Python：在参数中包含矩阵的函数

Question

So, in my program I have a "main" function, which changes two elements of a given matrix. The matrix is an element of a list (in the example the list is the variable solved ) and then I want to append three new elements.

def main(matrix,direction):
    index16 = indexOf(16,matrix)
    matrix[index16[0]][index16[1]],matrix[index16[0]-1][index16[1]]=matrix[index16[0]-1][index16[1]],matrix[index16[0]][index16[1]]

    return matrix

solved = [[[2,1,3,4],
      [5,6,7,8],
      [9,10,11,12],
      [13,14,15,16]
      ]]

not_solved = [[0,"up"],
          [0,"left"]
          ]

while not_solved:
    solved.append(main(solved[not_solved[0][0]],not_solved[0][1]))
break

When I execute the program, I can see the "solved" array.

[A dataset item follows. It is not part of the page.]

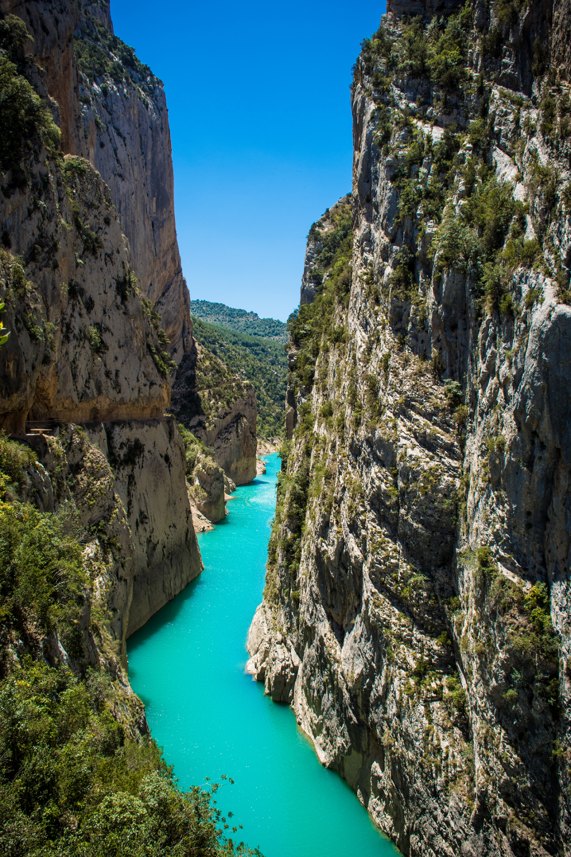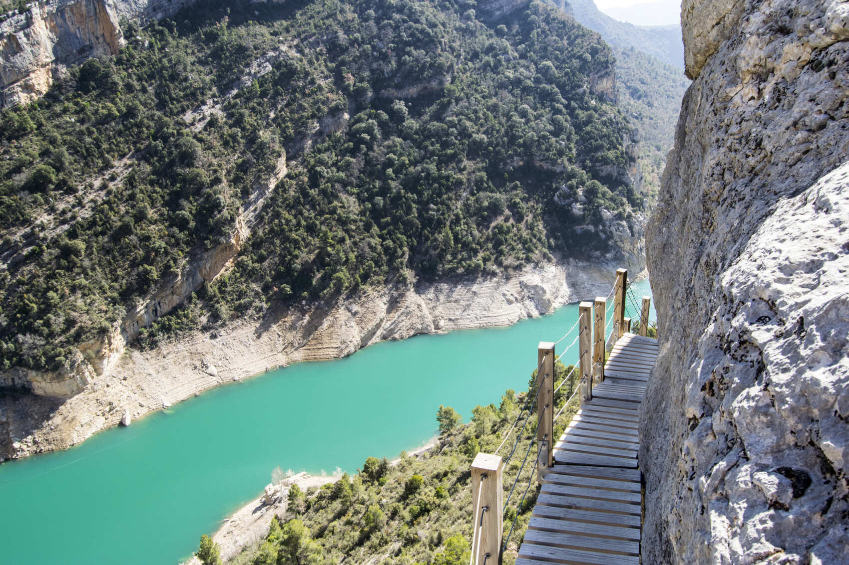 Этот мост уже пересекает саму реку, и по нему мы из Каталонии попадаем в Арагон, другую автономию (а когда-то – отдельное королевство). Мост довольно длинный – 35 метров – и висит на высоте примерно 40 метров над рекой. Здесь часто бывает ветренно, что добавляет острых ощущений при переходе. Для туристов это не просто переход, а ключевой момент маршрута — граница между двумя мирами, двумя пейзажами и двумя подходами к дикой природе.

However the initial matrix stays the same as in the beginning.

[[[2, 1, 3, 4], [5, 6, 7, 8], [9, 10, 11, 16], [13, 14, 15, 12]], 
 [[2, 1, 3, 4], [5, 6, 7, 8], [9, 10, 11, 16], [13, 14, 15, 12]]]

How can I repair that?

Sorry for my English. I am still learning.

Answer 1

you need to copy your matrix inside main so the original matrix does not change

import copy

def main(matrix,direction):
    matrixcopy = copy.deepcopy(matrix)
    index16 = indexOf(16,matrixcopy)
    matrixcopy[index16[0]][index16[1]],matrixcopy[index16[0]-1][index16[1]]=matrixcopy[index16[0]-1][index16[1]],matrixcopy[index16[0]][index16[1]]
    return matrixcopy

Returns:

[[[2, 1, 3, 4], [5, 6, 7, 8], [9, 10, 11, 12], [13, 14, 15, 16]], 
 [[2, 1, 3, 4], [5, 6, 7, 8], [9, 10, 11, 16], [13, 14, 15, 12]]]

Answer 2

The problem is your main function

def main(matrix,direction):
    index16 = indexOf(16,matrix)
    matrix[index16[0]][index16[1]],matrix[index16[0]-1][index16[1]]=matrix[index16[0]-1][index16[1]],matrix[index16[0]][index16[1]]

    return matrix

In this function you're returning matrix, but you're also changing matrix, which is your original matrix.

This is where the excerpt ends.